My preferred way to access stuff online is using requests, however requests only deals with http(s) protocols. So for ftp access I have used ftplib. Why? Seems to be most commonly used and basic. If I run into problems and will need a better library for ftp download, then it will be here as well.

_Don't forget to close the connection!!!_

### Connect and check connection.

In [33]:
import ftplib

connection_successful = False

try:
    ftp = ftplib.FTP('ftp.ncbi.nlm.nih.gov')
    ftp.login(user='anonymous', passwd='anonymous')
    ftp.cwd('blast/db/')

    # Just to check the connection.
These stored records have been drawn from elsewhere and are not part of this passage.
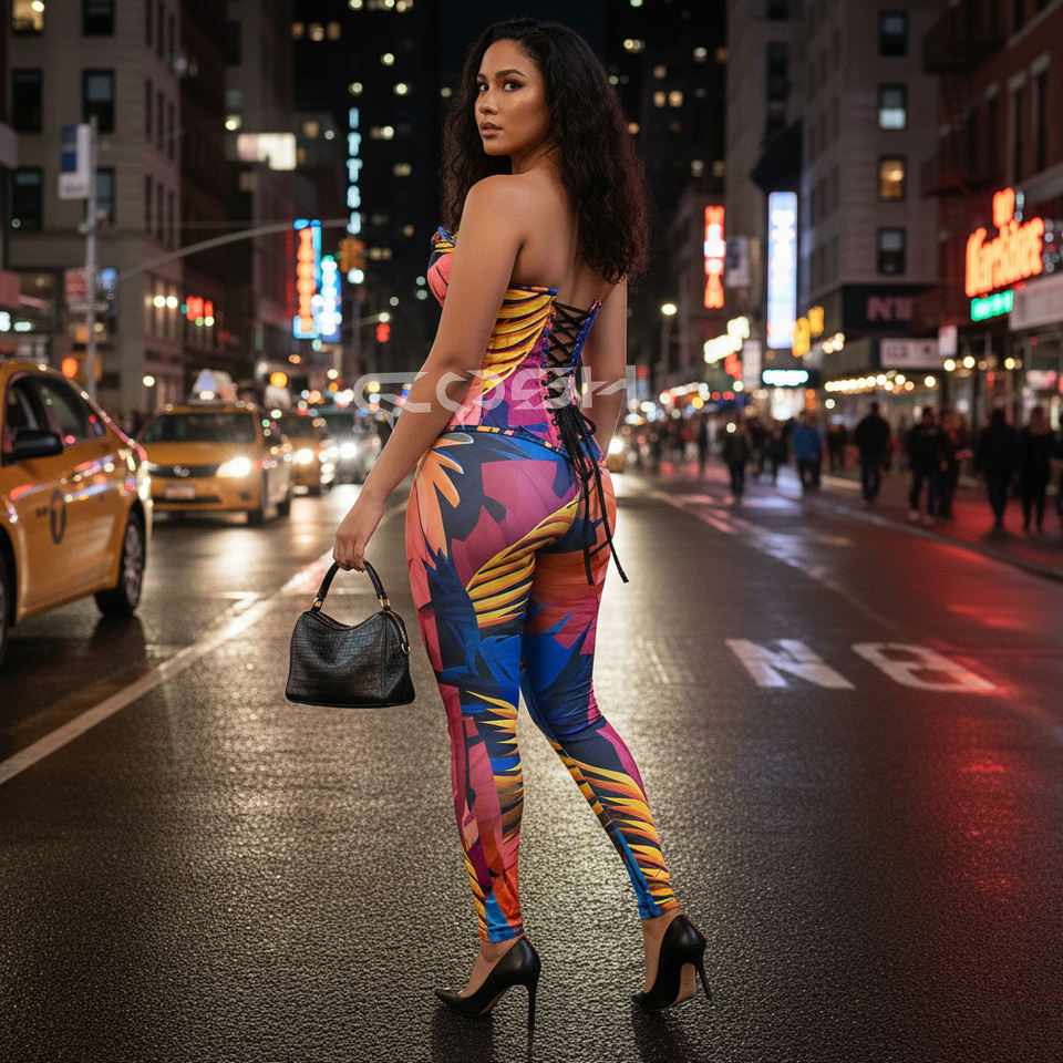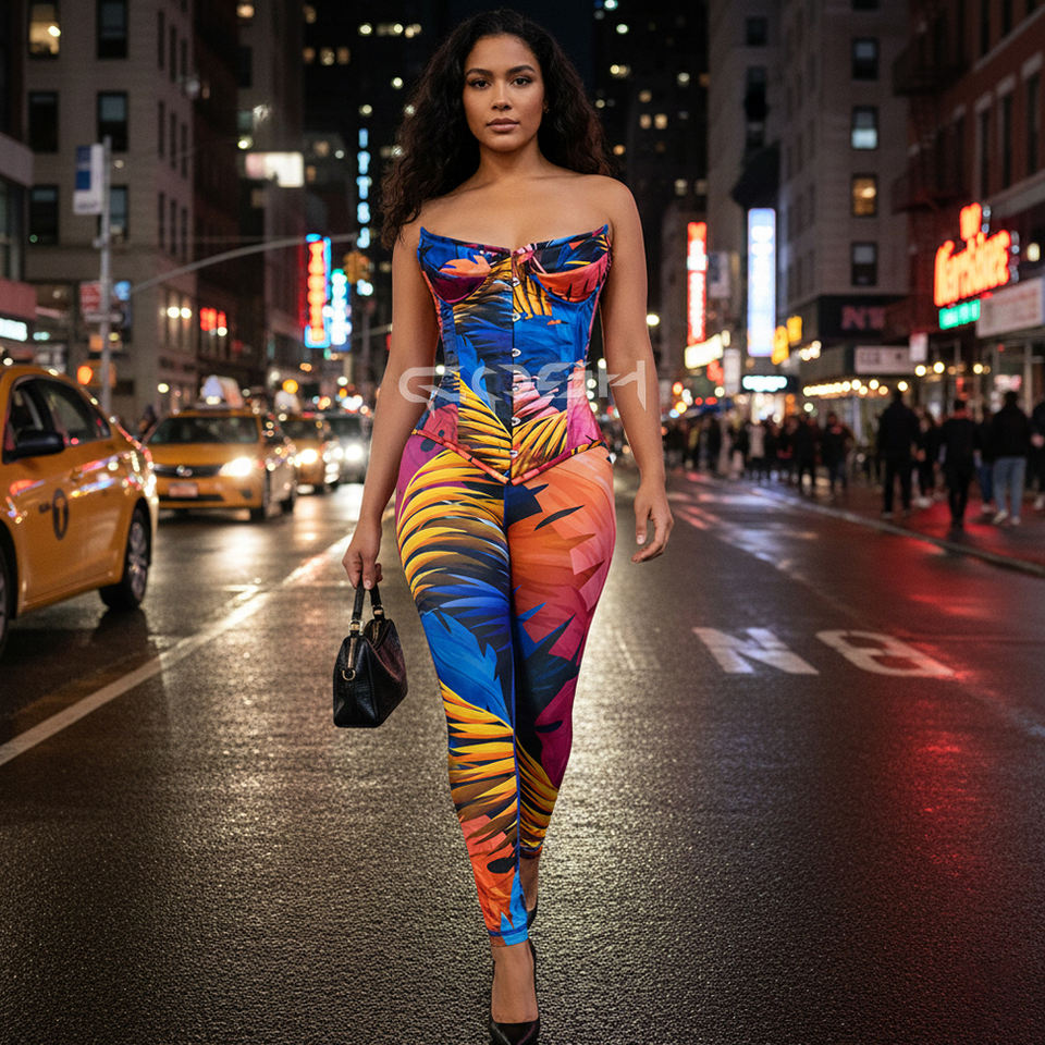 Conjunto de corsé y leggings a juego, hecho en satén, corsé y leggings de malla transparente transpirable, ropa moldeadora tropical sublimada de moda.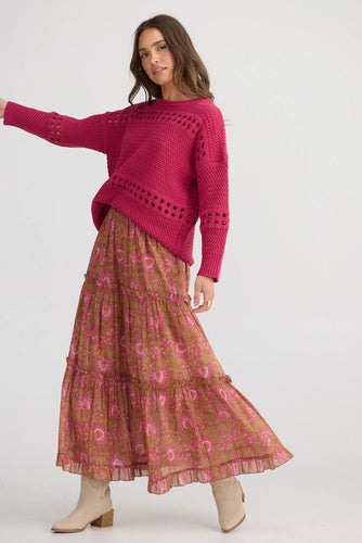 Lagos Soft Khaki Linen Blend Bias Cut Maxi Skirt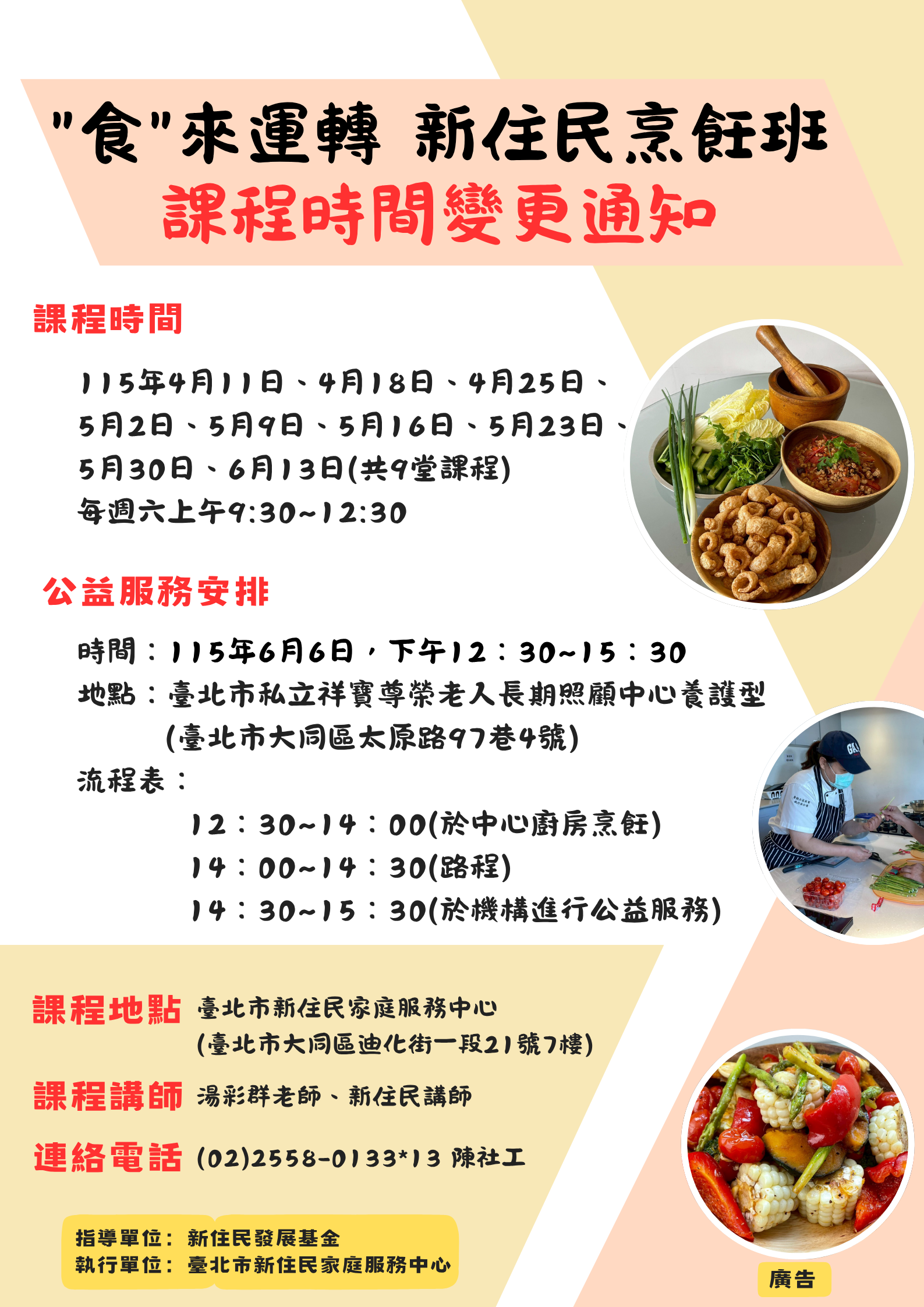 【中心活動公告】「食」來運轉-新住民烹飪班-公益服務時間調整通知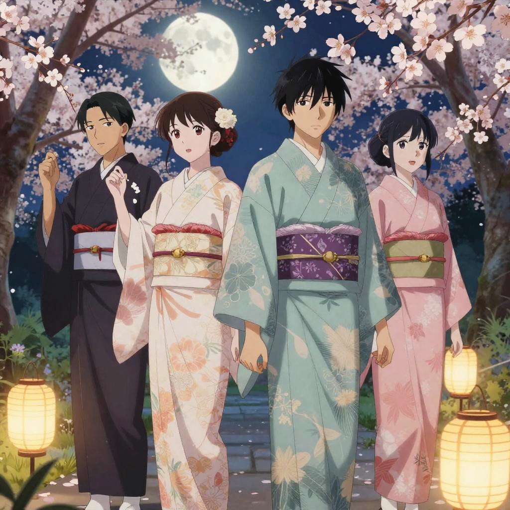 Elegant anime characters in a serene Japanese tea house setting, traditional attire with subtle modern touches, calm and composed poses, surrounded by minimalist décor and lush greenery, soft light filtering through paper windows, delicate brushstroke style.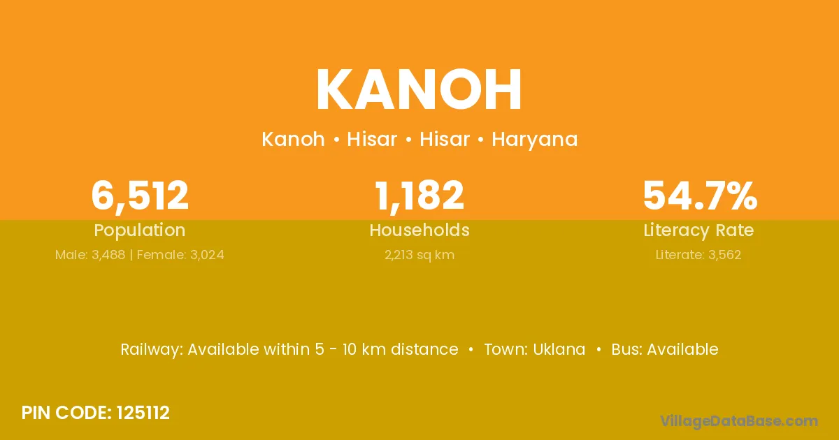 Kanoh village has a total population of 6,512 people, of which 3,488 are males and 3,024 are females.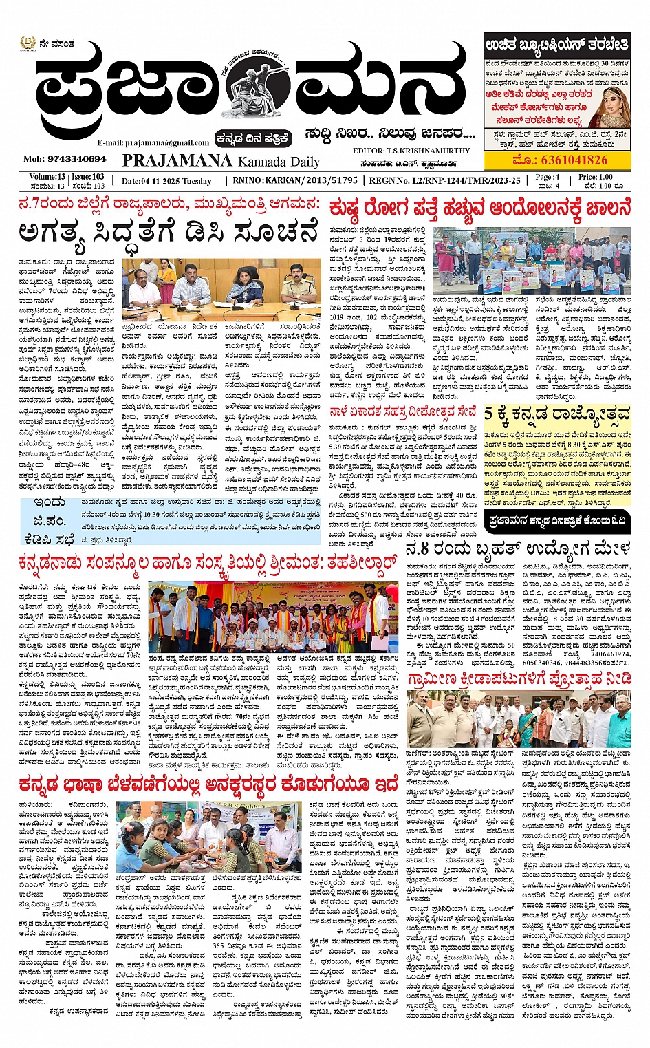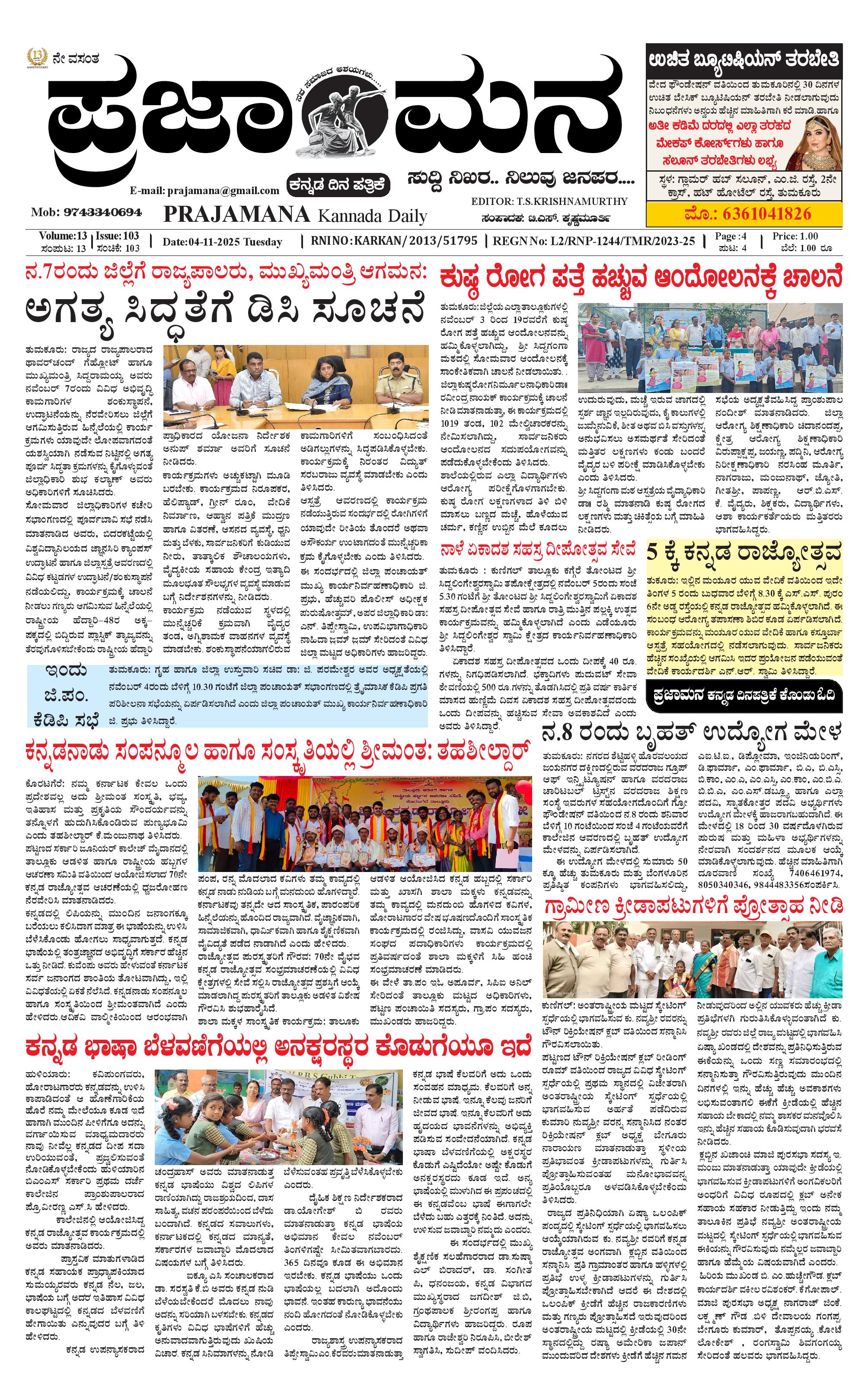ಪ್ರಜಾಮನ 04 NOVEMBER 2025 November 04, 2025 << First << 1 >> Last >> Page 1Page 2Page 3Page 4 × ಪ್ರಜಾಮನ 04 NOVEMBER 2025 PRAJAMANA-page-001PRAJAMANA-page-002PRAJAMANA-page-003PRAJAMANA-page-004 << First << 1 >> Last >> PRAJAMANA-page-001PRAJAMANA-page-002PRAJAMANA-page-003PRAJAMANA-page-004 PRAJAMANA-page-001

Does nothing
    response = ftp.voidcmd('NOOP')
    
    if response == '200 NOOP command successful':
        connection_successful = True
    
    ftp.quit()
except IOError as e:
    # Get here if there is:
    ##  no connection (turned off wifi)
    ##  time out: when I use vpn from home and ncbi is not accessible
    print('FTP access error. Error: {}'.format(e))
except ftplib.error_temp as e:
    # Get here if there is:
    ##  idle timeout - ftp was closed for not being used
    print('FTP connection error. Error: {}'.format(e))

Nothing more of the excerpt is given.